The Sugar Production Control Act is set to be amended to review the production, milling, marketing and sharing of revenue from proceeds from cane supplied by farmers, as Government moves in to resolve a long standing impasse between sugar producing firms and outgrowers.
The amendments will also create a legal framework which takes into account the changes that have since ensued in the sugar industry since the Act’s establishment in 1964.
This was said by Industry and Commerce Minister, Dr Sekai Nzenza while delivering a ministerial statement in the National Assembly last week.
“The ministry has started the process of reviewing the Sugar Production Control Act (Chapter 18:19) of 1964,” she said. “The draft principles were drafted and submitted to Cabinet for consideration. The Act also seeks to address the long-standing issues which have been raised by the farmers.”
One of the sticking issues that the amendment will deal with is in respect of sugarcane farmers and Tongaat Hulett Miller, on milling and marketing of sugar and share of the revenue from sugar produced from cane supplied by farmers using a division of proceeds (DOP) ratio.
Minister Nzenza said since 2014, payment to farmers had been 73,5 percent: 26,5 percent in favour of farmers based on a DOP ratio that was determined by PricewaterhouseCoopers (PWC) in 1999.
The DOP ration is a temporary arrangement pending its independent and objective review by an independent consultant.
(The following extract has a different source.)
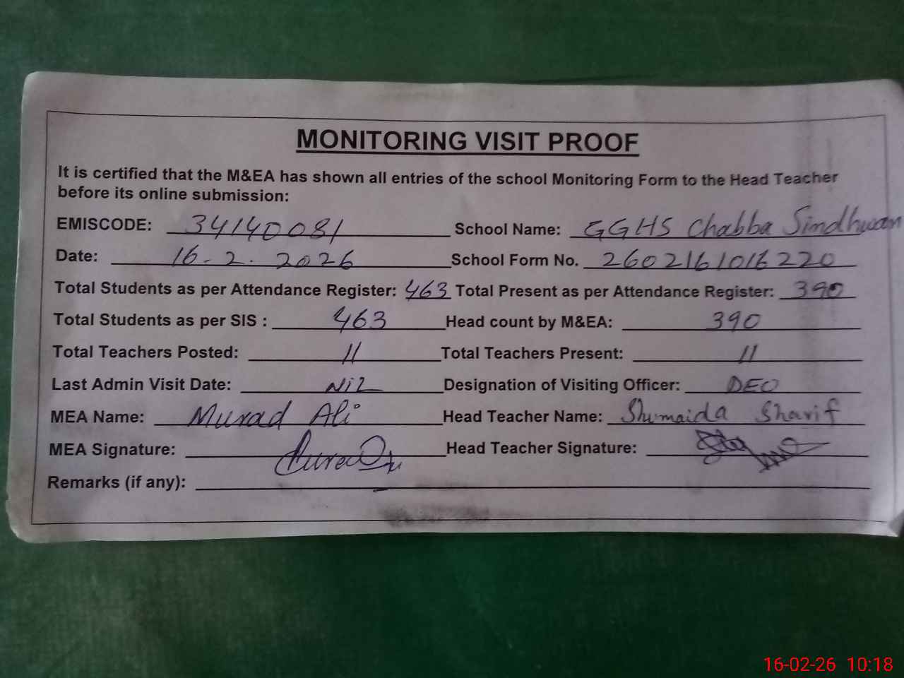 | Attendance Register | Head Teacher | MEA with School | Visit Proof |

Said Minister Nzenza: “Key areas which will be reviewed are the role of the Government in facilitating the negotiations of determining division of proceeds, period of reviewing DOP, who will bear the costs of reviewing DOP, membership and composition of the Zimbabwe Sugar Association (ZSA) board, Sugar Industry Agreements, among others.” Later in 2014, Government engaged Ernst and Young to carry out the review process and on November 23, 2016, the ministry directed that the consulting firm compute the DOP ratio of 77 percent: 23 percent in favour of farmers be implemented pending a robust review which will take into account the inadequacies and recommendations raised by both parties.
“This is the current DOP ratio being used by the sugar industry,” said Minister Nzenza. “The ongoing amendment of the Sugar Act will specify a pre-requisite of period review of the DOP in order to enable a fair operating environment for all players.
“The Ministry of Industry and Commerce has engaged the sugarcane outgrower farmers and the miller in order to come up with terms of reference and engagement to be used by the consultant to carry out DOP review process in the interim.”
Minister Nzenza said with the ongoing dialogue, all parties will agree on who will meet the cost of the next DOP review process since the previous exercise was financed by the ministry. She said she envisaged a milling agreement being secured, which might see farmers benefit from by-products such as molasses, ethanol and bagasse or optionally be remunerated.